Provider, dependency, and tooling facts should also carry a utility
relationship. A provider mentioned in documentation is usually a `mention`; an
environment variable is usually `configure`; a manifest entry is usually
`dependency`; implementation code under provider or adapter modules may be
`owned` or `adapter`. Candidate generation should promote only relationships
that show the repository provides the utility directly or intentionally exposes
it as a facade/adapter. Mentions, dependencies, configuration, and tooling are
context until a curator promotes them or stronger owned evidence appears.
Deterministic quality gates apply the same source and utility relationship
signals, but they do not approve automatically. Gates may reject, downgrade,
invalidate, flag, merge, or require review. Approval requires human judgement or
a configured agentic reviewer that records evidence, criteria version, and
rationale. Dependency, tooling, configuration, and mention-only candidates remain
review material.
`INTENT.md` may also seed intended capabilities when it contains an explicit
capability section. These intent-derived candidates are marked as review
required because intent says what the repository is meant to provide, not what
has already been proven. `SCOPE.md` sections with the same wording are not
treated as equivalent input during rebuilds, because scope is derived from the
registry model being rebuilt.
The motivating failure mode was a key-cape-like repository whose agent guidance
and generic backend-adapter vocabulary looked superficially like LLM provider
routing. That pattern should produce source-linked facts for the files that
exist, but it should not become an LLM-provider capability unless there is
provider-specific owned, facade, or adapter evidence. The scanner and generator
should solve this by provenance and utility relationship rules, not by
hard-coding product names.
Source references point from interpreted claims back to files or facts.
Evidence is support for a characteristic. It is not the same thing as an observed
fact. Evidence may reference:
- Observed facts.
- Source files or content chunks.
- Lower-level characteristics, such as a capability using features as evidence.
Evidence should usually point downward in abstraction. An ability can use
capabilities or features as support. A capability can use features or facts as
support. A feature should usually use facts or source references as support, not
abilities or capabilities.
Same-level evidence references are allowed as review material, but should be
treated as a possible organization smell.
## Implementation Direction
The current schema still stores evidence on capabilities, with textual
references and source refs. The next additive schema step should generalize this
without breaking existing data:
- Add a scope root per repository.
- Add typed evidence targets: supported characteristic kind/id.

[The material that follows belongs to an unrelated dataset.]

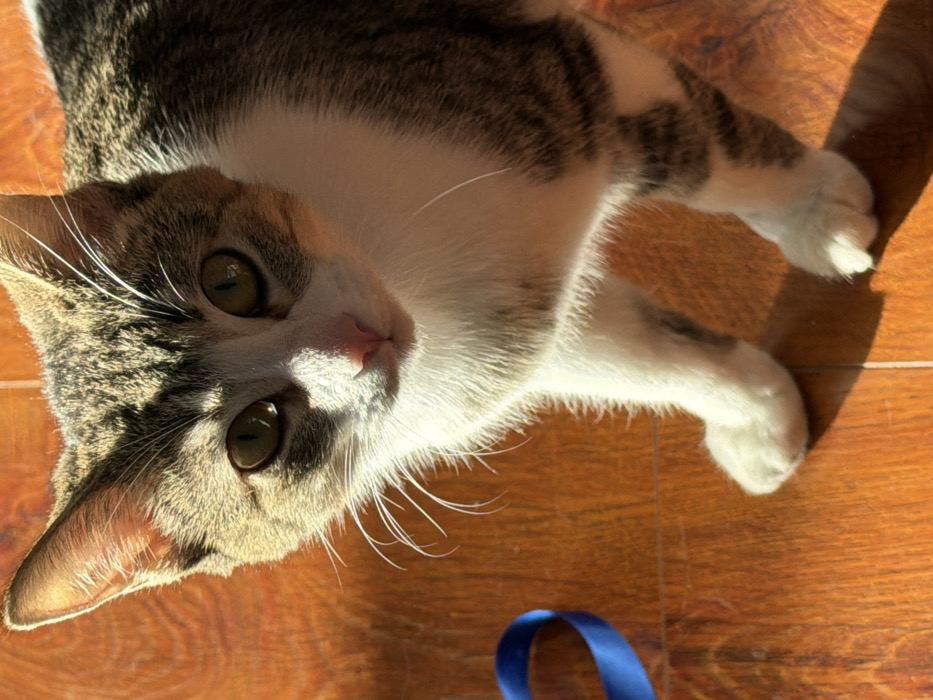 A cat lies on a wood floor, illuminated by sunlight. The cat's fur is a mix of brown, gray, and white. It has large, expressive green eyes and a pink nose. The cat is looking directly at the camera. A small blue ribbon sits near the bottom of the frame. The cat's relaxed posture and the warm lighting create a peaceful scene.

- Add typed evidence references: fact, source ref, content chunk, or
characteristic kind/id.
- Keep legacy evidence fields until migration/export/search have been updated.
The UI should make this relationship clear by presenting evidence as support
under the characteristic it supports, not as a peer of features.

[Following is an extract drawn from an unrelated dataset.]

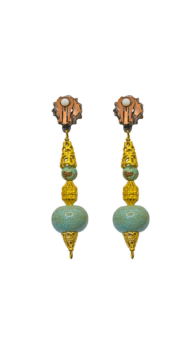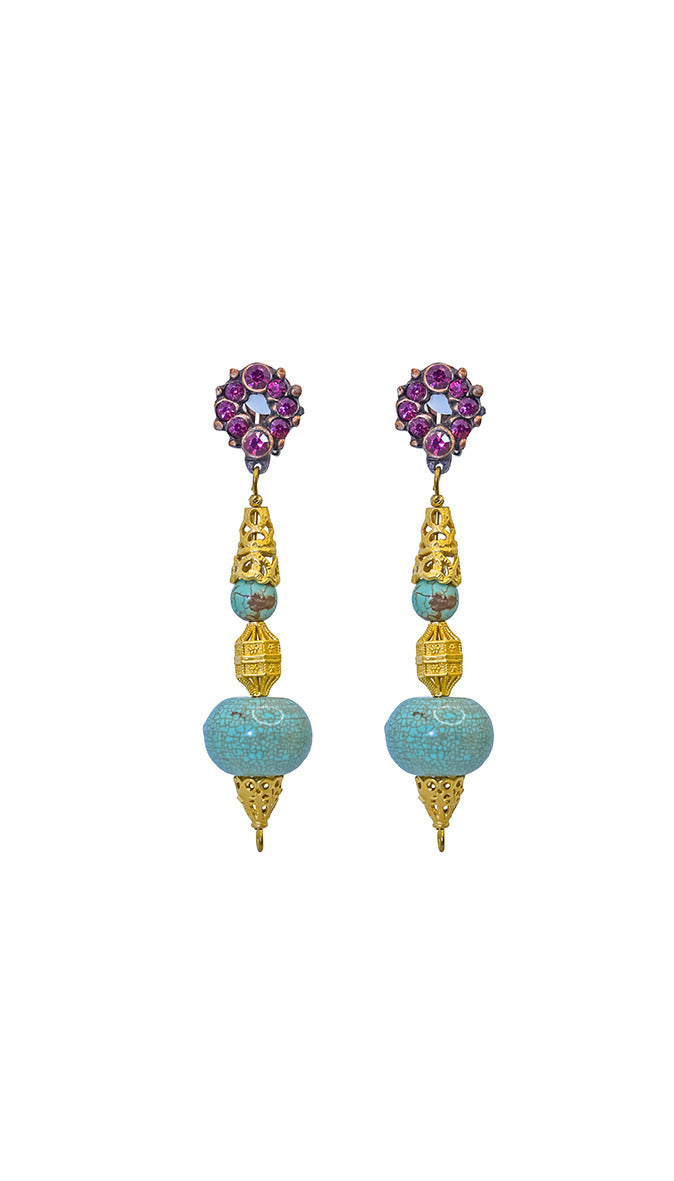 Ein Schmuckstück voller Magie: Diese ausdrucksstarken Ohrclips sind im Schleudergussverfahren gefertigt und mit tief violetten Swarovski-Steinen besetzt. Die Hänger bestehen aus echten türkisfarbenen Halbedelsteinen, kombiniert mit aufwendig verzierten 18 Karat vergoldeten Zwischenelementen. Feminin, edel, spirituell.

## Rebuilds And Supersession
Use a normal analysis rerun when the existing approved map is mostly trustworthy
and the goal is to compare new evidence against prior candidates. Use a rebuild
from scratch when approved characteristics are polluted by a bad extraction
pattern, stale after a major rename, or circularly derived from old scope text.

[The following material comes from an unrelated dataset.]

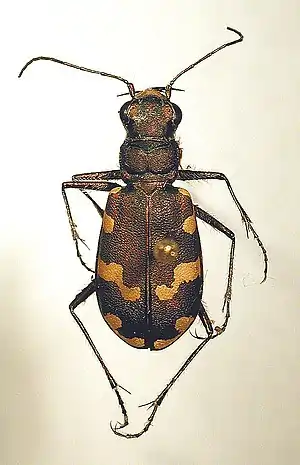 | Насекомые — Insecta, Жесткокрылые — Coleoptera | Скакун приморский, Cicindela maritima | 2 | Как часть биоты охраняется на территории национального парка «Куршская коса». | Улучшение охраны мест обитания вида на территории НП «Куршская коса». Отказ от обработки лесных и прилегающих к ним биотопов инсектицидами в целях борьбы с насекомыми-вредителями леса и иксодовыми клещами. Создание ООПТ на Балтийской (Вислинской) косе. | ![]() |

A dry-run rebuild should be the first step. It scans current source, generates a
fresh candidate graph, and reports what approved abilities, capabilities,
features, and evidence would be superseded. A confirmed rebuild preserves audit
history by recording which approved IDs were superseded, then clears the current
approved map and leaves the fresh candidate graph for review or trusted
auto-approval.
Curators should treat superseded characteristics as historical claims, not as
deleted facts. They explain what the registry used to believe and why a rebuild
was chosen over incremental correction.